Find $\lim\limits_{x\rightarrow \infty }\dfrac{\sqrt{4x^{2}+10}}{x-5}$.

Figure 55 $f( x) =\dfrac{\sqrt{4x^{2}+10}}{x-5}$

Solution Divide each term of the numerator and the denominator by $x$, the term with the highest power of $x$ that appears in the denominator.

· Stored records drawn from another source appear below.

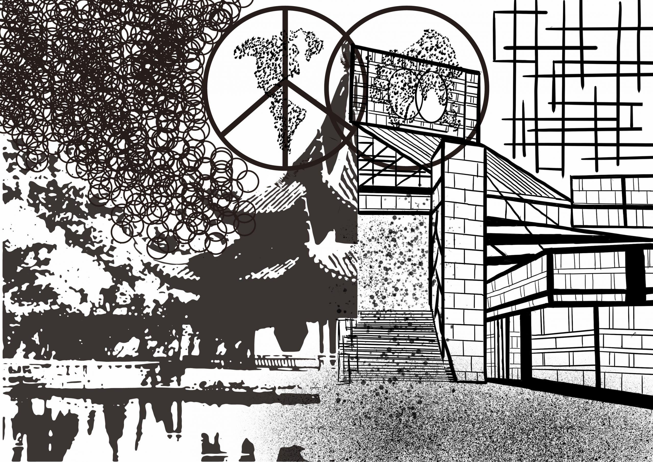 In the left half of the picture, I used Adobe Illustrator to draw an electronic version of the 500- year-old traditional Garden building – Humble Administrator’s Garden in Suzhou. The ink and wash silhouette painting has a more distinctive texture. At the same time, the repetitive circle pattern on the top is inspired by the window silhouette design of garden architecture, which is a relatively special window pattern design. Repeated circles form different structures inside, creating new patterns that are elegant but also contain unity. The right half of the picture is presented by hand drawing. I used Pigma Archival Ink Pen to depict some features of the building. The building selected on the right is my high school, which represents the place where all my dreams started. It also expresses that every day of my life here is my beautiful memory and my longing for the future. This modern geometric building was designed by the design team of the world-famous architect, Leoh Ming Pei. The building itself is a fusion of the curvilinear design elements of the eastern elegant garden style and the strong geometric lines of the western architectural design. Like the glass pyramid redesigned by the architect himself for the Louvre in France, it represents the past and the future. I use the geometric squares and lines drawn by ink pen to show the integration between the buildings. At the same time, splashing ink is used on the bottom background to show a Chinese style beauty and enrich the overall picture. The peace symbols and the world map at the top of the screen also represent a utopian vision of a peaceful life for people to unite world in the future.
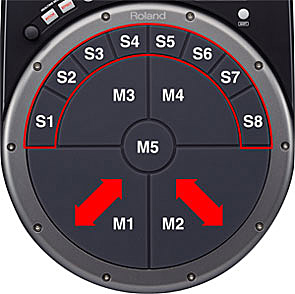 ▲演奏の中心となるパッド部は、メイン・パッド(M1~M5)とサブ・パッド(S1~S8)に13分割。手前の2つのパッド(M1、M2)は、叩く場所によっても音色が変化する。プレッシャー・センスでたとえばM1を押し込みながらM2を叩くと、音が短く(ミュート)なったり、音程(ピッチ)が上がったりする。
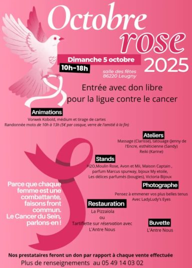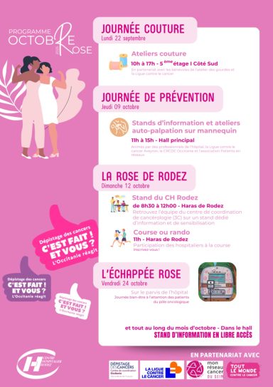 C’est le début du mois d’octobre marquant également le début de la mise en avant de la prévention contre le cancer du sein. Comme chaque année, de nombreuses activités tout au long de ce mois sont organisées : marche, course, ateliers de relaxation et bien-être, etc.
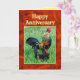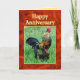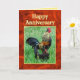 Carte Joyeux Anniversaire Coq et Poule Plumes Rouges
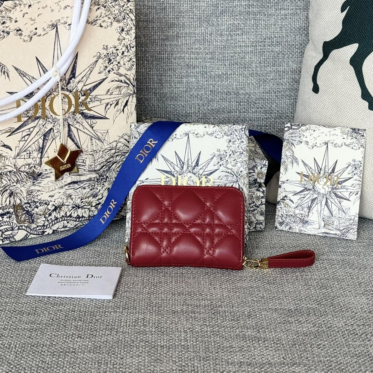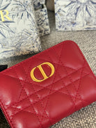 CD Logo Caro 11cm Compact Wallet Red Calfskin
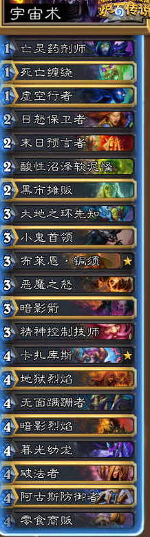 先后手都留:亡灵药剂师,死缠,虚空行者,末日预言者,软泥,李奶奶,恶魔之怒,暗影剑,雷诺。
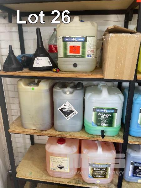 6 x PART & FULL 20 LITRE DRUMS CAR CARE PRODUCTS, SODIUM HYDROXIDE, WHEEL CLEANER, WASH, FUNNELS & CAR PARTS
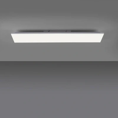 Unique lighting experiences at the touch of a button - LED ceiling light Yukon The rectangular LED ceiling light Yukon made of aluminum and iron is equipped with a satin plastic diffuser, which allows the light to radiate glare-free and evenly into the environment. The included IR remote control has different functions, so that the light can be switched via it not only, but also dimmed continuously. In addition, there are 12 pre-installed modes on the remote control, which create different lighting moods at the touch of a button, such as a sunset. In addition to a dynamic color change, the light color can also be set constantly and mixed as desired, even different shades of white are no problem here, so that Yukon creates great lighting experiences in the room. Special features - controllable with the included remote control (incl. memory function) - digital color change (dynamic or constant) - CCT function (light color adjustable from warm white to universal white) - 12 pre-installed modes selectable, for example forest walk or sunset - dimmable
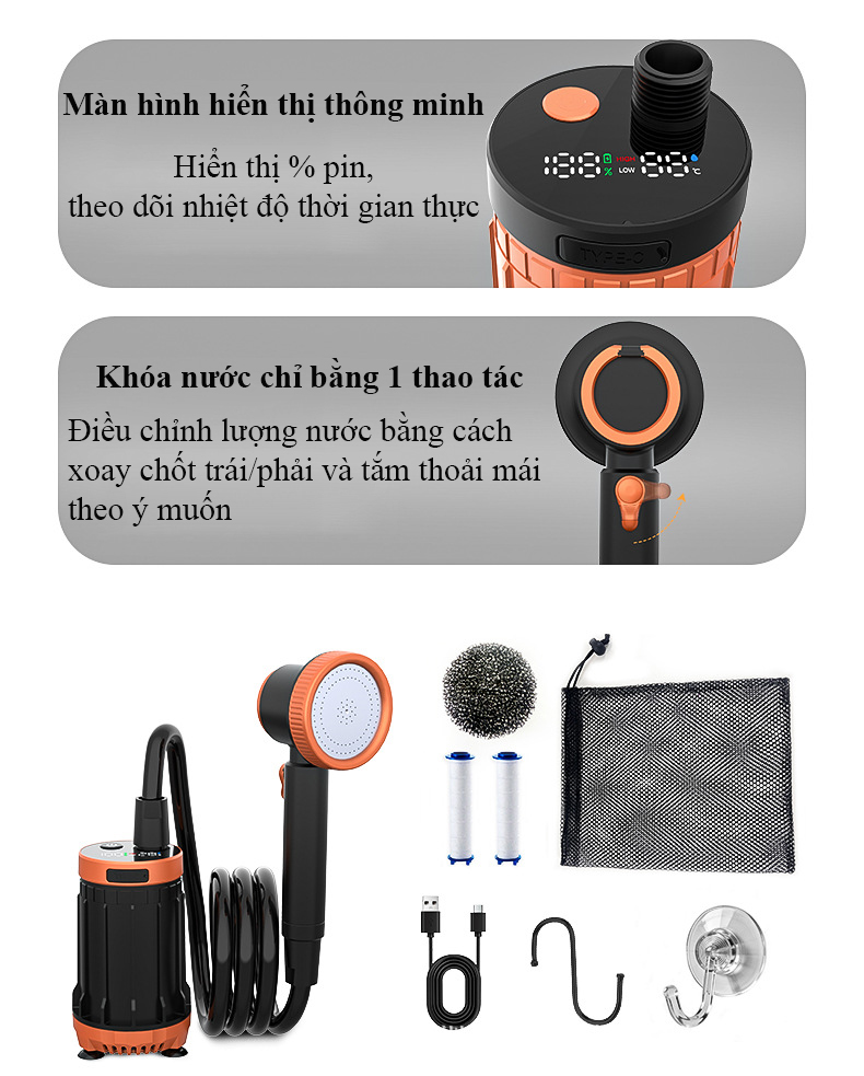 Điểm mạnh của mẫu này là thiết kế di động, không cần lắp đặt cố định, chỉ cần chuẩn bị nguồn nước phù hợp là có thể sử dụng nhanh. Sản phẩm tích hợp pin 8000mAh, cho thời gian dùng tham khảo khoảng 1,5 giờ ở mức cao và lên tới khoảng 3 giờ ở mức thấp, khá phù hợp cho nhu cầu tắm nhanh khi đi dã ngoại, cắm trại, rửa chân tay, vệ sinh đồ dùng hoặc dùng trong các chuyến đi ngắn. Phần đầu sen cầm tay giúp thao tác linh hoạt hơn, dễ sử dụng hơn nhiều so với các kiểu tắm tạm thông thường.
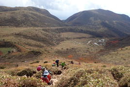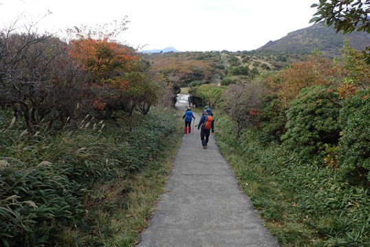 学生グループが楽しそうに歩いていく 12時47分 左奥のピークが星生山 |
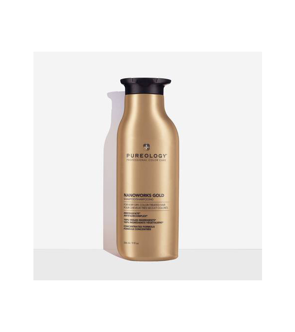 “Pureology Nanoworks Gold Shampoo renews softness, manageability, and shine to dull, coarse, brittle, or very dry color-treated hair with key ingredients Keravis and Golden Marula Oil and a signature aromatherapy blend of Dewy Pear, Ylang Ylang, and Golden Amber.

But remember, since $\sqrt{x^{2}}=\vert x\vert =x$ when $x\geq 0$, in the numerator the divisor in the square root will be $x^{2}$. $$\begin{eqnarray*} \lim\limits_{x\rightarrow \infty }\dfrac{\sqrt{4x^{2}+10}}{x-5} &=&\lim\limits_{x\rightarrow \infty }\dfrac{\sqrt{\dfrac{4x^{2}+10}{x^{2}} }}{\dfrac{x-5}{x}}=\lim\limits_{x\rightarrow \infty }\dfrac{\sqrt{\dfrac{ 4x^{2}}{x^{2}}+\dfrac{10}{x^{2}}}}{1-\dfrac{5}{x}}= \dfrac{\lim\limits_{x\rightarrow \infty }\sqrt{4+ \dfrac{10}{x^{2}}}}{\lim\limits_{x\rightarrow \infty }\left[ 1-\dfrac{5}{x} \right] } \\ &=&{\sqrt{\lim\limits_{x\rightarrow \infty }\left[ 4+\dfrac{10}{x^{2}}\right] }}={\sqrt{4}} =2 \end{eqnarray*}$$